# Dent removal in the cardiff area?



## mattjonescardiff (Dec 12, 2006)

Less than a week after this detail...

http://www.detailingworld.co.uk/forum/showthread.php?t=61484

The cars taken a bash from a supermarket shopping trolley and dented the bodywork.


















Can anyone recommend a good dent remover in the cardiff area?


----------



## Glossmax (May 9, 2007)

It looks to creased to me for the dent to be made 100%.
I know a guy though and will see what he thinks.


----------



## mattjonescardiff (Dec 12, 2006)

It's hard to see exactly from the photo (I haven't seen it in the flesh), but I agree it looks like a long crease.

If you could find a name of a good guy that would be much appreciated. Cheers Mate

P.S. after our chat before I eventually took the plunge with wet-sanding in the end! It's not too hard really.
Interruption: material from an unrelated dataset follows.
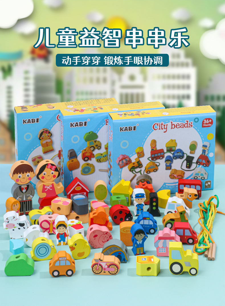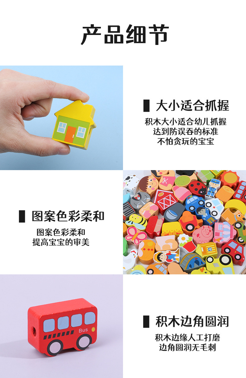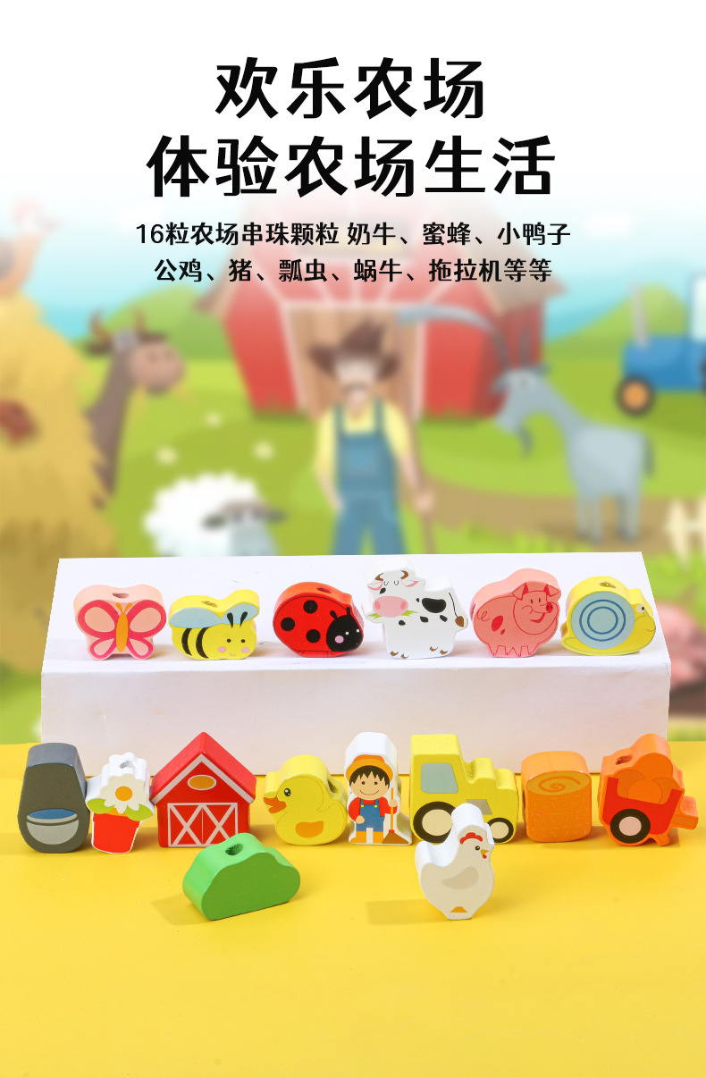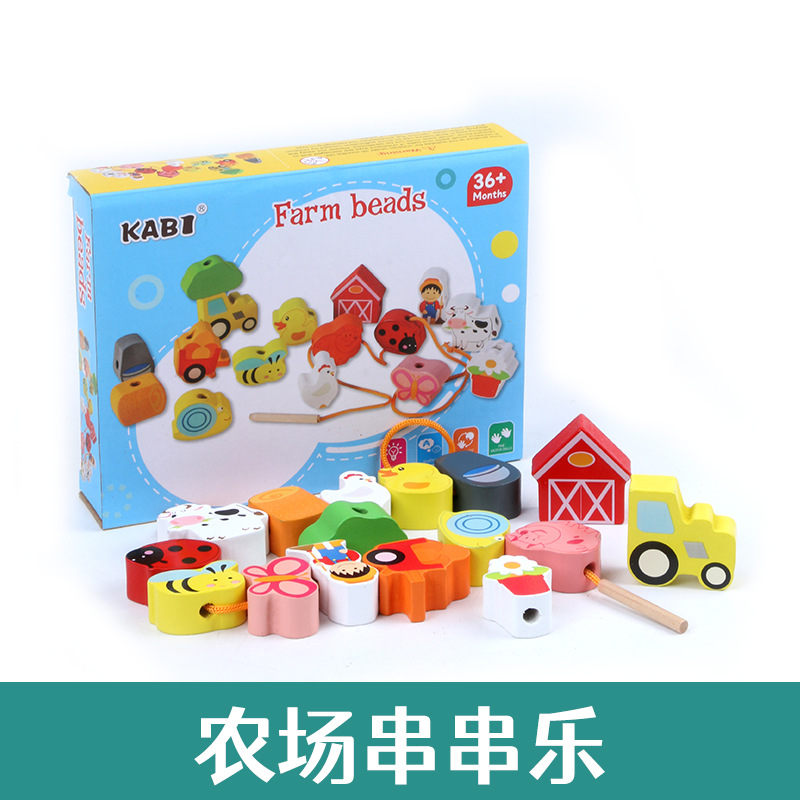 어린이 교육 구슬 장난감 동물 과일 큰 입자 농장 문자열 구슬 실 나무 장난감스토어 가기
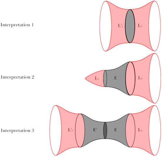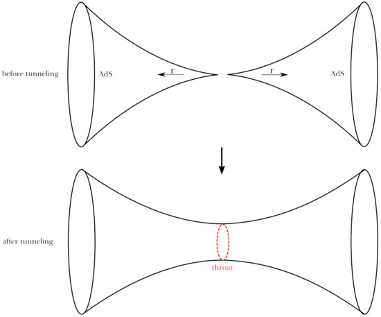 If this finite action difference is allowed, this instanton can explain a case of tunneling from two separate anti-de Sitter spaces to a connected anti-de Sitter wormhole after the Wick-rotation (Figure 9 [35]). This solution satisfies the classicality at the time-like infinity. One potential question is whether any effects from the fuzzy core of the solution can reach a future infinity or not. However, in principle, this solution is embedded in the Euclidean path integral formalism. Therefore, we can very easily extend this technique to anti-de Sitter fuzzy Euclidean wormholes in a black hole background. After the Wick-rotation, this explains a Lorentzian (probably unstable) wormhole in anti-de Sitter space. The existence of this structure can then cause conceptual trouble with the ER = EPR conjecture [37]. We leave these interesting connections to the information loss paradox for future research [38,39].

I don't do it too agressively right now (until I get a PTG), but I've acheived some really good results with it.


----------



## Glossmax (May 9, 2007)

mattjonescardiff said:


> It's hard to see exactly from the photo (I haven't seen it in the flesh), but I agree it looks like a long crease.
> 
> If you could find a name of a good guy that would be much appreciated. Cheers Mate
> 
> P.S. after our chat before I eventually took the plunge with wet-sanding in the end! It's not too hard really. I don't do it too agressively right now (until I get a PTG), but I've acheived some really good results with it.


Well done :thumb: always best to take it easy and don't rush it.
I'll get that name to you soon.


----------